For Harel Lapidot, what happened to his niece evoked memories of the Holocaust.
“We know for a fact that they were hunted,” Lapidot said. “They ran away and they were hunted and killed.”
Harel Lapidot, a Canadian citizen, thanked the Jewish community in Canada and MPs who had reached out to help and offer support. The family had a meeting with Foreign Affairs Minister Mélanie Joly while she was in Israel.
“They didn’t know us, but they helped us, and I’m proud to be the Canadian and proud to be a Jewish Canadian,” he said.
Netta Epstein, 21, was killed when Kibbutz Kfar Aza, his community just a few kilometres east of the Gaza Strip, came under attack 11 days ago. He was the eldest of Ayelet Shachar-Epstein’s three children.
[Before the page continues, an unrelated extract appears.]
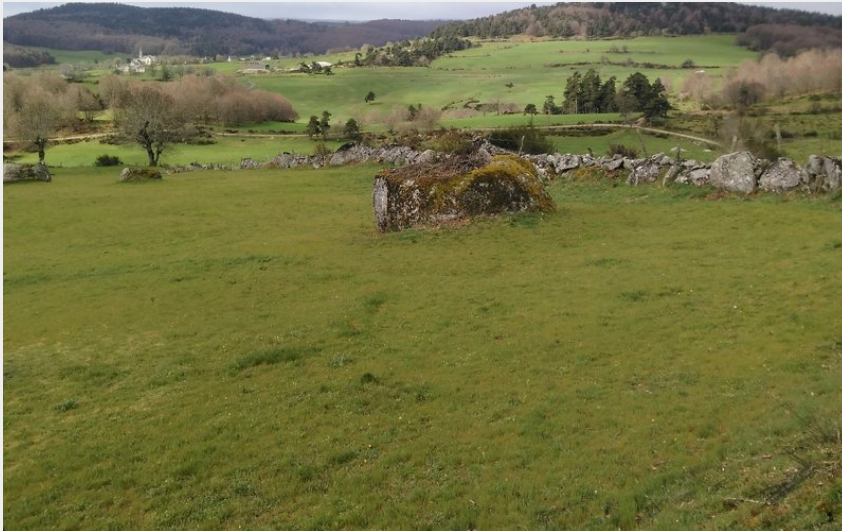
Pic de Mus et Saint-Laurent-de-Muret

“Netta was a very easy-going, life-loving type of person,” Shachar-Epstein said, describing him as an exceptional soccer goalie who had volunteered at a home for kids with special needs. He completed his mandatory military service just two months ago, spending the majority of it in combat, she said.
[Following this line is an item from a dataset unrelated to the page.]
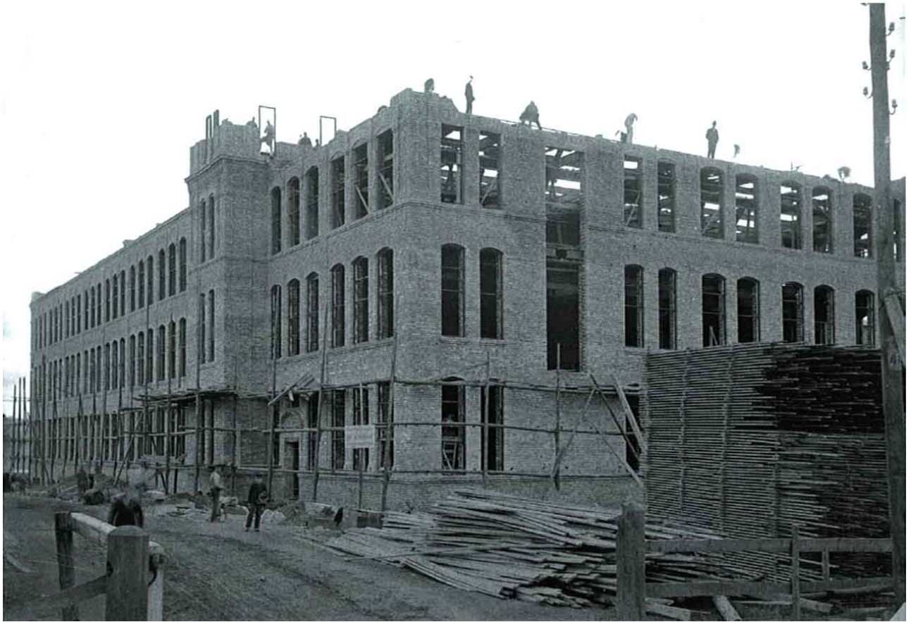
Åkerlunds Bomullspinneri på Druvefors

Since his death, many of those he met throughout his young life have reached out to the family to pay tribute to him.
“He was a guy that loved living,” Shachar-Epstein said. “He was happy to be alive.”
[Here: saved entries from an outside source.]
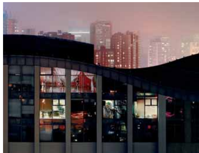
« Pékin 214 » • 2009 • 120 x 150 cm • Tirage Lambda sur papier Kodak Metal, encadré en caisse américaine avec verre anti-reflet

Ancien étudiant des Beaux-arts de Paris, il est établi aujourd'hui dans son atelier, et travaille chez lui.
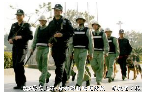
80%警力上路,加强路面巡逻防范

本报讯(记者李挺宜)为确保人民群众能过一个欢乐祥和的新春佳节,从1月16日至2月中旬,我镇在全镇范围内开展“雷霆”治安整治武装巡逻专项行动,进一步加强路面巡逻防范工作,全力维护我镇社会治安秩序。
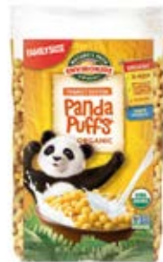
Panda Puffs Cont. Net.: 700g
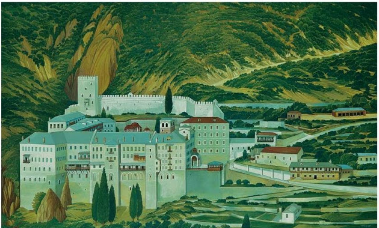
Θανάσης Μπακογιώργος - 1.Μ. Αγίου Παύλου, ΑΓΙΟΝ ΟΡΟΣ
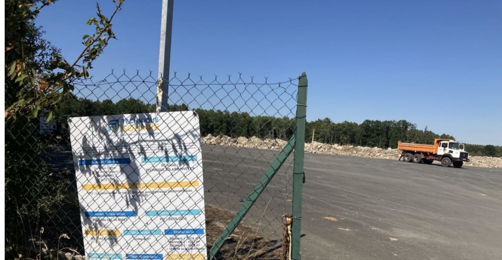
Sur le site de Coussay-les-Bois, un camion déchargeait des pierres et des gravats ce mercredi après-midi 10 août 2022.

She learned the circumstances of his death from texts messages he had sent her in the moments before he was killed, and from his fiancée, Irene Shavit, who survived. They had been a couple for 18 months and had plans to marry.
Netta Epstein was inside a safe room with Shavit; he jumped on a grenade thrown in by the attackers.
“She witnessed this horror and she did survive,” Shachar-Epstein said.
Epstein was Canadian through his maternal grandmother, who was born in Montreal in 1948. Many extended family members still live in the city.
Shachar-Epstein lost five family members in the early morning attack on Oct. 7. In addition to her son, her mother-in-law and two brothers-in-law were killed. A fifth family member — a nephew — is missing.
She lived in the same community as Netta: Kibbutz Kfar Aza. On the day of the attack, her father-in-law called to say his wife had fallen in the kibbutz. Shachar-Epstein said she didn’t realize the danger at the time and went over to see what had happened.
“I ran there to help her later on. It was only later on when I understood that what I did was really very dangerous because there were terrorists everywhere,” Shachar-Epstein said. “I did not imagine we would see her dead on her porch, shot cold-blooded, murdered by a rifle, the remnants of the bullet was right next to her.”
For Netta’s funeral on Tuesday, Shachar-Epstein said she read from a letter she wrote to him during the 27 hours she spent in a safe room with her father-in-law, knowing her son was dead.
“It was kind of a diary, and at his funeral that’s what I read.”
Shachar-Epstein said it’s important that the world knows the extent of the brutal attack on her country.
“It’s really important for me to tell the world these stories so people understand we were not standing in front of them and shooting, we were sleeping in our beds.”